The Oxford Union may be one of the foremost speech and debate societies in the world, but they still know how to throw a heck of a party. The Union throws a black tie ball in Hilary term for around £50. The cheaper price means an earlier closing time but an amazing night nevertheless. The (in)famous debate chamber is transformed into a stunning ballroom floor and oysters and macarons make frequent appearances. The Oxford Guild Society continues the trend of hosting both amazing speakers and great balls so look out for their annual masquerade ball.

Subject Society Balls (and a few others!)

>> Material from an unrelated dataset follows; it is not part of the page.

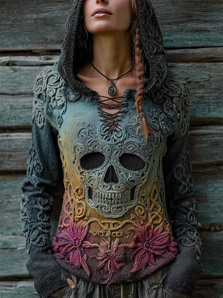 Vintage Skull Floral Gradient Celtic Knit Hooded Sweater

A few subject societies host amazing balls at relatively affordable prices. MedSoc (the medicine students’ society) hosts an annual ball and there are rumours of a new Science Ball coming this year. The Law Society hosts some of the best balls in Oxford, with one ball every term. Tickets are less than £100 and include a three course dinner, transportation for the night and all of the trimmings of a ball. Venues have included the Gherkin and Blenheim Palace. You don’t need to be reading that subject to get tickets, but you do have to be a member and ballot for a spot in groups of up to 6 people. RAG also hosts a Charity Ball in Michaelmas while the LGBT Society hosts an annual Glitterball. Last year also featured Oxford’s first ever Diwali ball.

Organising a Ball

This year, I had the chance to work as Head of Design for my college Ball and I loved it. Organising balls is hard work, but the free tickets make up for it. Don’t worry about being a fresher – it’s a great chance to build up experience and although you have to sit through a lot of conversations about portaloos, it’s quite fun!

Working at a Ball

You can also work at balls in a variety of roles: everyone from bartenders to ushers or rubbish-collectors are needed. Jobs are usually advertised on the ball’s website or Facebook page so keep an eye out. You usually work one shift and can spend the rest of the night enjoying the ball. It’s a cheap way to have a fun night out and a great way to get into a sold-out ball.

Breaking in

I’ve heard enough urban myths about people trying to break into balls to make me write a section on it (one of the more creative attempts allegedly involving stealing a punt). Don’t do it. Don’t ever try to break in. As someone who worked to make the tickets and the wristbands for a ball, I can tell you that counterfeit tickets are not going to work and scrambling over walls in black tie is harder than it sounds. So unless your idea of a fun night is being chased by a security team, do everyone a favour and just buy the ticket instead.